## WHAT IS REQUIRED:
Starting at the first line of the data and ending at the line with "Fra Oslo under", copy each line exactly. Include both of those lines, but no pictures.

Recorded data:

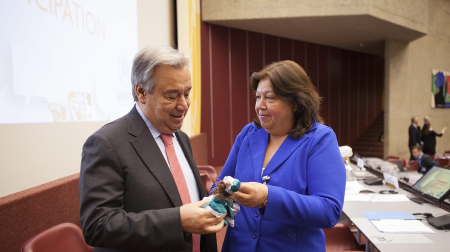 High Commissioner António Guterres receives a gift from Luz Mery Mesa of Asylum Access in Ecuador at the NGO consultations today in Geneva. Guterres talked of the importance of empowering women.
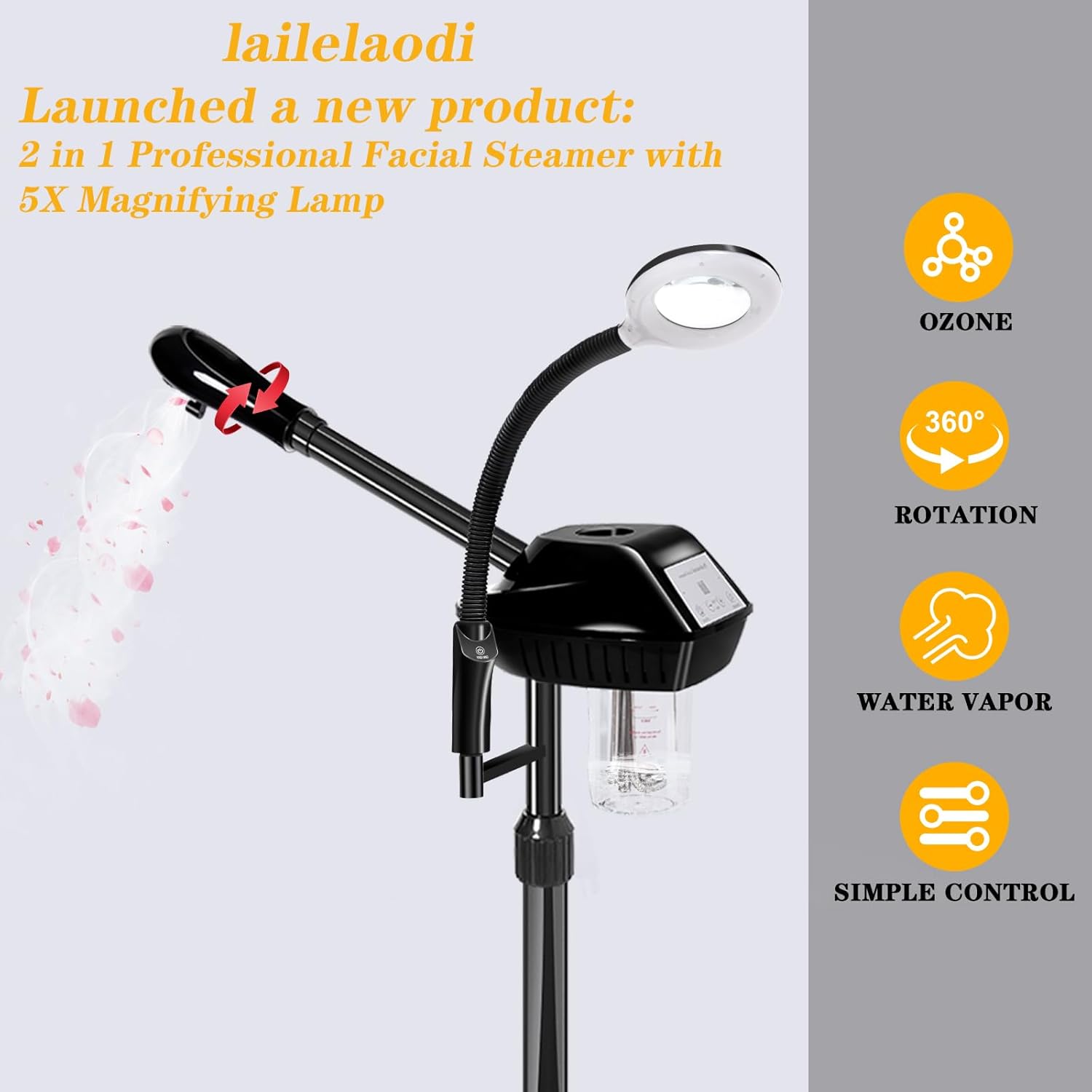 - 【5X Magnifying Lamp Facial Steamer】 The 5x magnifying with adjustable light and flexible arm, designed for more convenient use, mobile facial steamer with wheels allows you to lie down or sit down to enjoy the spa aromatherapy.
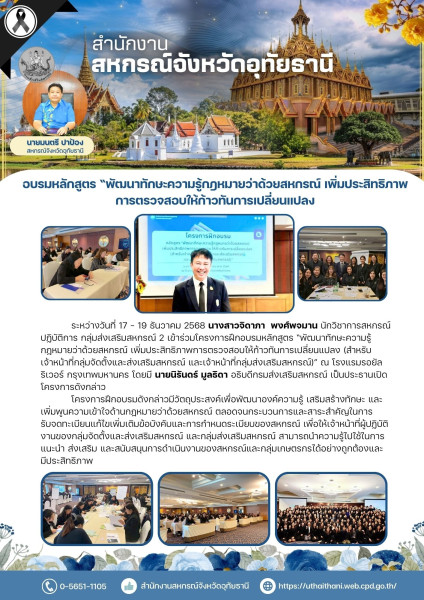 ระหว่างวันที่ 17 - 19 ธันวาคม 2568 นางสาวจิดาภา พงศ์พจมาน นักวิชาการสหกรณ์ปฏิบัติการ กลุ่มส่งเสริมสหกรณ์ 2 เข้าร่วมโครงการฝึกอบรมหลักสูตร “พัฒนาทักษะความรู้กฎหมายว่าด้วยสหกรณ์ เพิ่มประสิทธิภาพการตรวจสอบให้ก้าวทันการเปลี่ยนแปลง (สำหรับเจ้าหน้าที่กลุ่มจัดตั้งและส่งเสริมสหกรณ์ และเจ้าหน้าที่กลุ่มส่งเสริมสหกรณ์)” ณ โรงแรมรอยัล ริเวอร์ กรุงเทพมหานคร โดยมี นายนิรันดร์ มูลธิดา อธิบดีกรมส่งเสริมสหกรณ์ เป็นประธานเปิดโครงการดังกล่าว
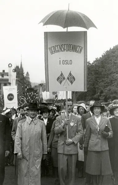 Fra Oslo under fredsdagene i 1945. Bergensforeningen i Oslo marsjerer oppover Karl Johans gate med plakat beskyttet av paraply.
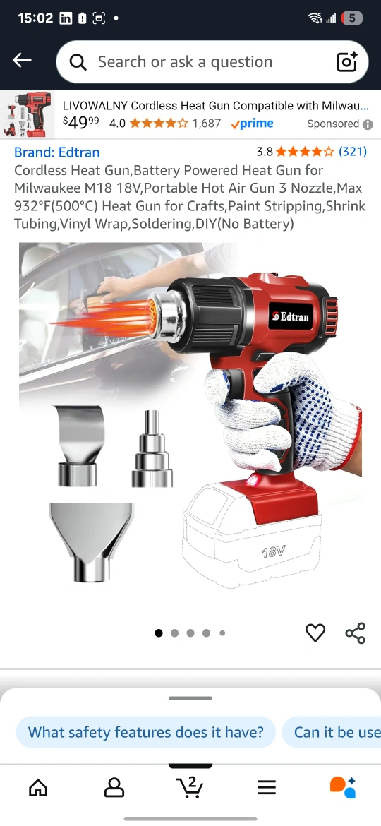 I'm selling a brand new Edtran Cordless Heat Gun Kit! It comes with the original box and all included components. Perfect for crafts, paint stripping, shrink tubing, vinyl wrap, soldering and DIY projects battery not included compatible with 18 v battery
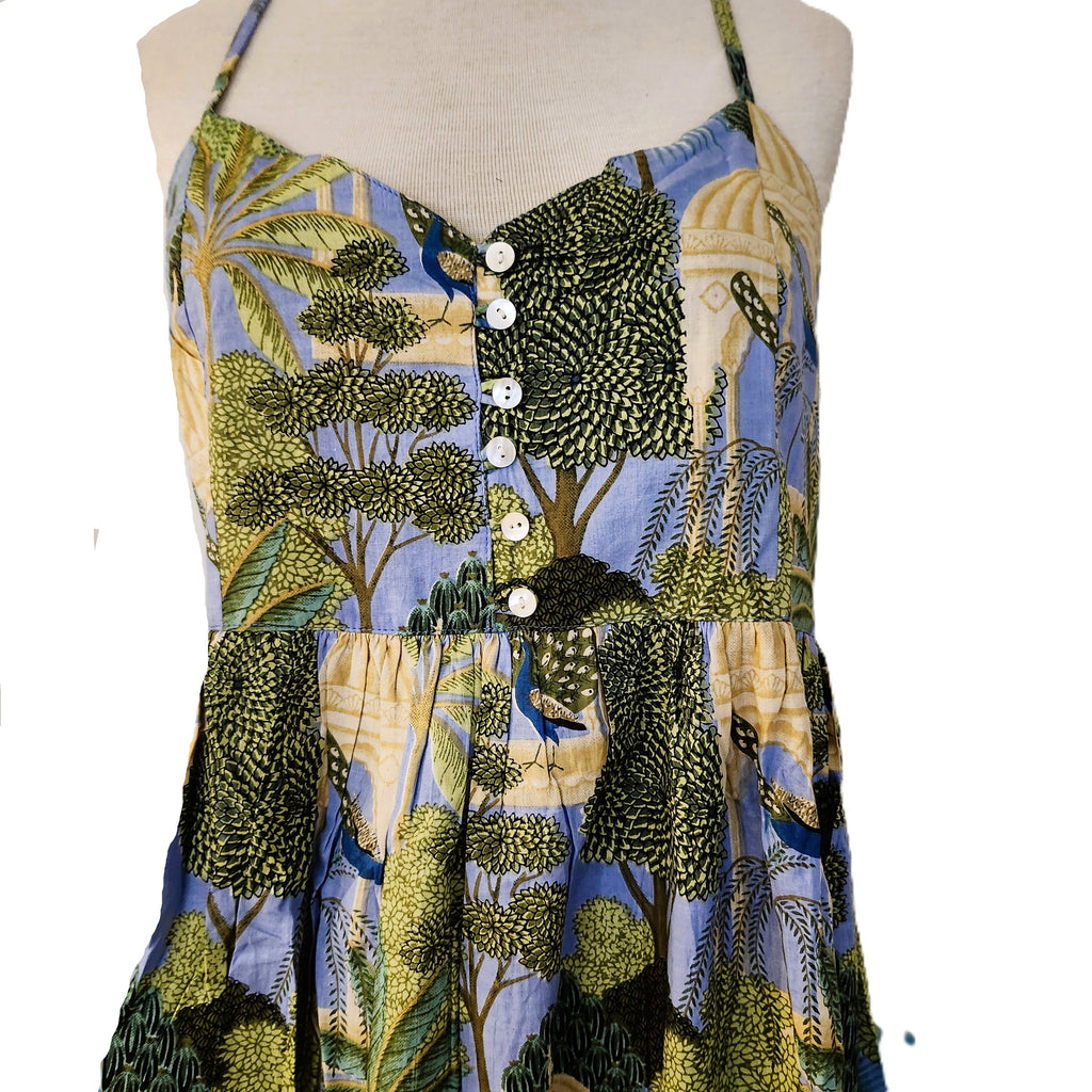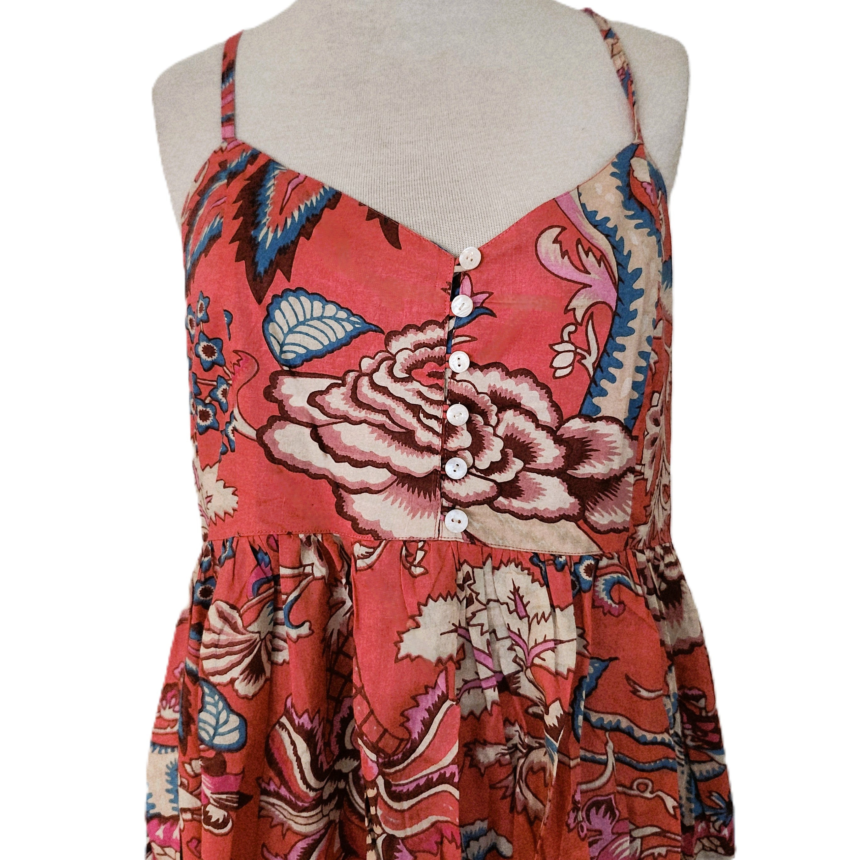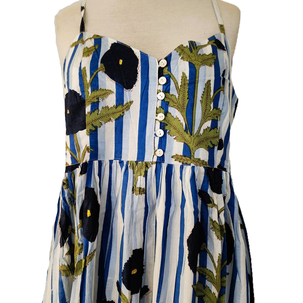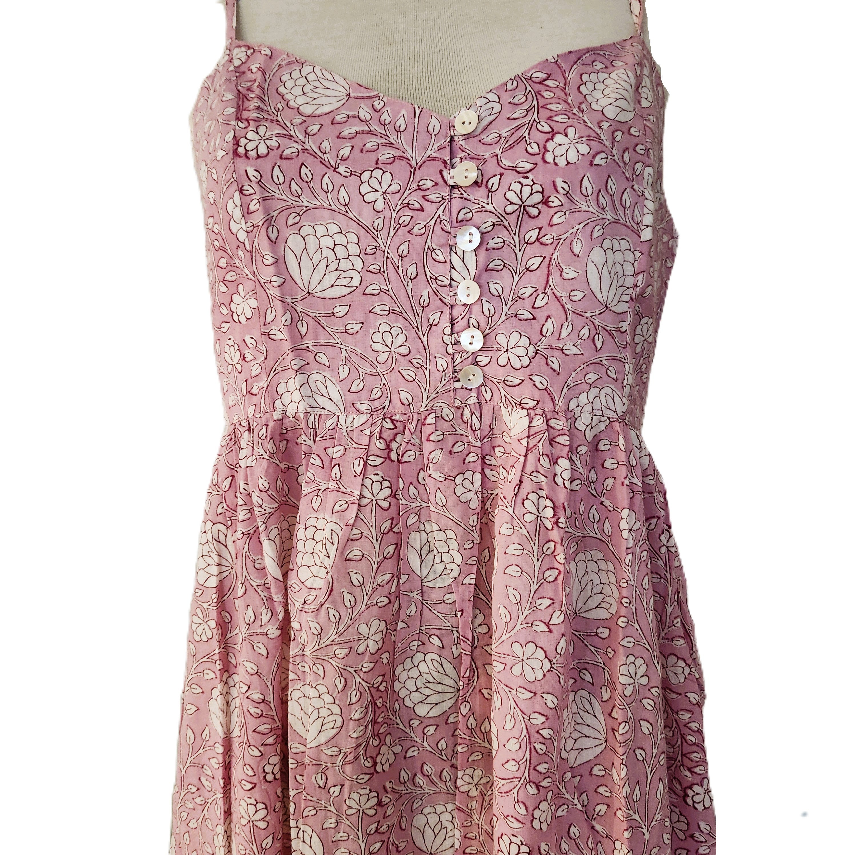 Stay cool and stylish with our block printed sundresses, in assorted patterns. Made from soft cambric cotton, the bodice features six mother of pearl buttons at the front, adjustable straps and an elasticated panel at the back for a snug and comfortable fit, and a loose calf-length skirt.

## EXERCISE OUTPUT:
 High Commissioner António Guterres receives a gift from Luz Mery Mesa of Asylum Access in Ecuador at the NGO consultations today in Geneva. Guterres talked of the importance of empowering women.
 - 【5X Magnifying Lamp Facial Steamer】 The 5x magnifying with adjustable light and flexible arm, designed for more convenient use, mobile facial steamer with wheels allows you to lie down or sit down to enjoy the spa aromatherapy.
 ระหว่างวันที่ 17 - 19 ธันวาคม 2568 นางสาวจิดาภา พงศ์พจมาน นักวิชาการสหกรณ์ปฏิบัติการ กลุ่มส่งเสริมสหกรณ์ 2 เข้าร่วมโครงการฝึกอบรมหลักสูตร “พัฒนาทักษะความรู้กฎหมายว่าด้วยสหกรณ์ เพิ่มประสิทธิภาพการตรวจสอบให้ก้าวทันการเปลี่ยนแปลง (สำหรับเจ้าหน้าที่กลุ่มจัดตั้งและส่งเสริมสหกรณ์ และเจ้าหน้าที่กลุ่มส่งเสริมสหกรณ์)” ณ โรงแรมรอยัล ริเวอร์ กรุงเทพมหานคร โดยมี นายนิรันดร์ มูลธิดา อธิบดีกรมส่งเสริมสหกรณ์ เป็นประธานเปิดโครงการดังกล่าว
 Fra Oslo under fredsdagene i 1945. Bergensforeningen i Oslo marsjerer oppover Karl Johans gate med plakat beskyttet av paraply.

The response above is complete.